Script for scraping weekly Billboard charts from their website. In the future I intend to write functions extending the local module to gather other, more niche/underground charts. Datasets provided from the beginning of the chart to the year end of 2018, for all the charts the local module has been tested with.
Scripts & dataset available to use under GNU General Public License, see LICENSE.txt for full details (basically all uses & modifications allowed as long as the original is cited, and no usage in closed source applications).
- README.md - Current file.
- LICENSE.txt - Full GNU General Public License.
- chartscraper.py - Billboard chart web scraping local script/module.
- CS_Driver.py - Script used to create the dataset & example of how to use chartscraper.
- *\ChartScraper_data* - Folder with CSVs containing data from the beginning of each chart to the last one in 2018, from the following Billboard charts:
The following non-stock modules are utilized (they're all included in the Anaconda distro of Python):
Local module file chartscraper.py must be in a location which is a part of the PYHTONPATH or the working directory needs to be changed to its location when it's imported (commented example found in CS_Driver.py)
Main functions are bb_get_weekly_chart & bb_get_multiple_charts, all functions including internal ones, have help documentation. Included script CS_Driver.py contains an example of how they're used. Worth noting, I have hard coded a 1 second delay between multiple requests to avoid flooding.
- URL structure for weekly charts looks like
https://www.billboard.com/charts/r-b-hip-hop-songs/2019-02-02- You don't need to pass the specific date used to denote the week of the chart, Billboard's backend will take any date a part of the week the chart is for.
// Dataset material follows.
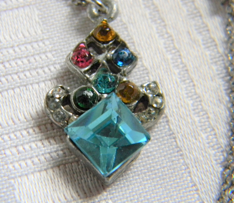 Beautiful silver tone pendant with colored glass stones on a sterling chain. Clasp works as it should and is marked Sterling.
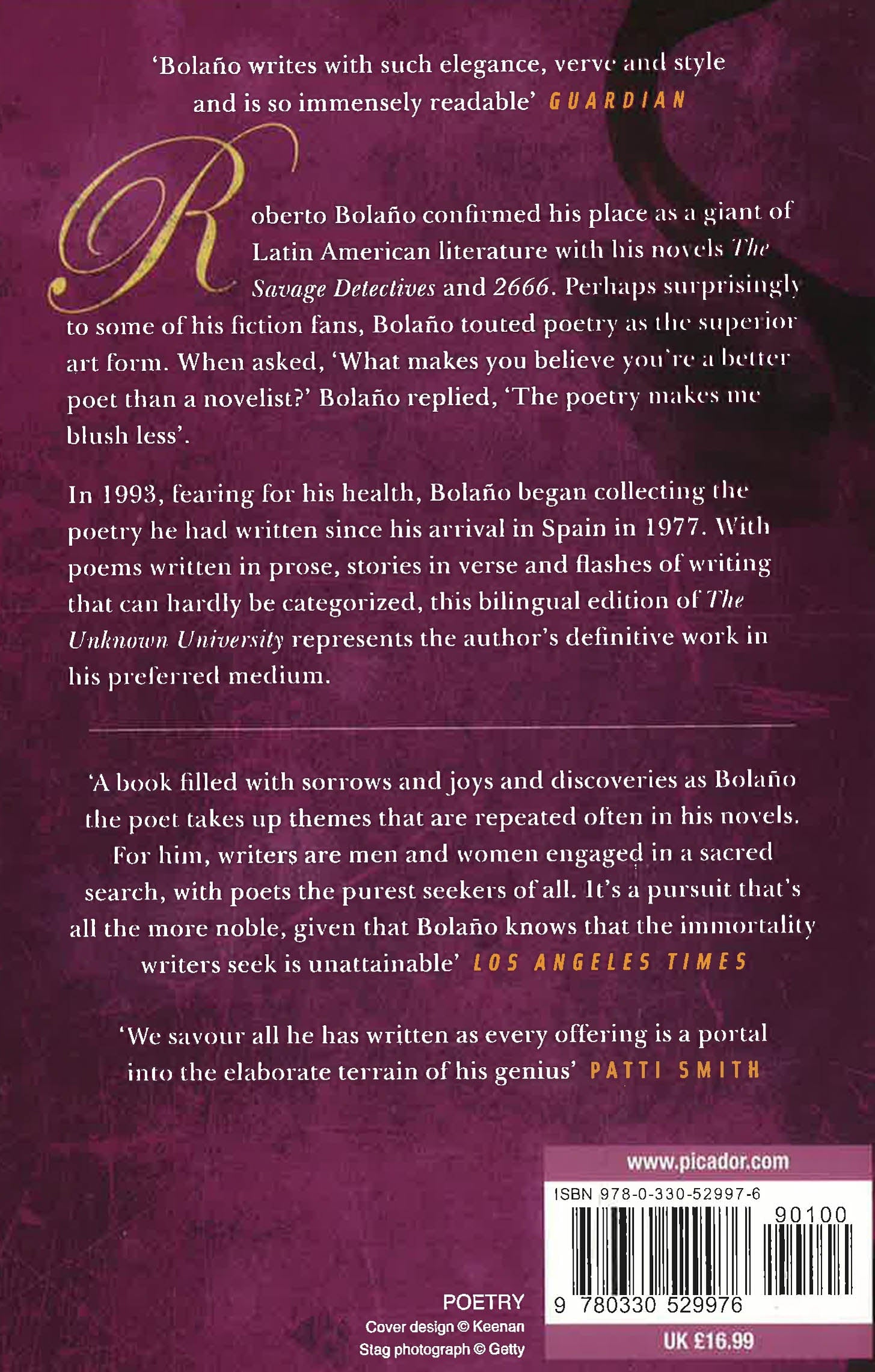 In 1993, fearing for his health, Bolano began collecting the poetry he had written since his arrival in Spain in 1977. This bilingual edition of The Unknown University represents the author's definitive work in his preferred medium.

- There is some potential weirdness with the data which I only encountered once in the R&B/Hip-Hop songs chart, where between 1978-11-13 to 1978-11-18 it had a chart with only the number 1 song. When this case occurs, the data is added and there's a text output notification which should be a prompt to look into the occurence, and make sure no legit charts were missed
- In some cases there are missing artist names. When an artist value is None/null, the string token _"===<Missing_Artist>===" is substituted to make it more explicit.
- I believe I took care of all the missing artists in the dataset, replacing them with the correct values after doing some research myself. I reported the first one I found in 2018 to the email address in the Billboard site FAQ which was for data corrections, but 4 months later the data was not corrected, so any extra effort of benevolence might be wasted.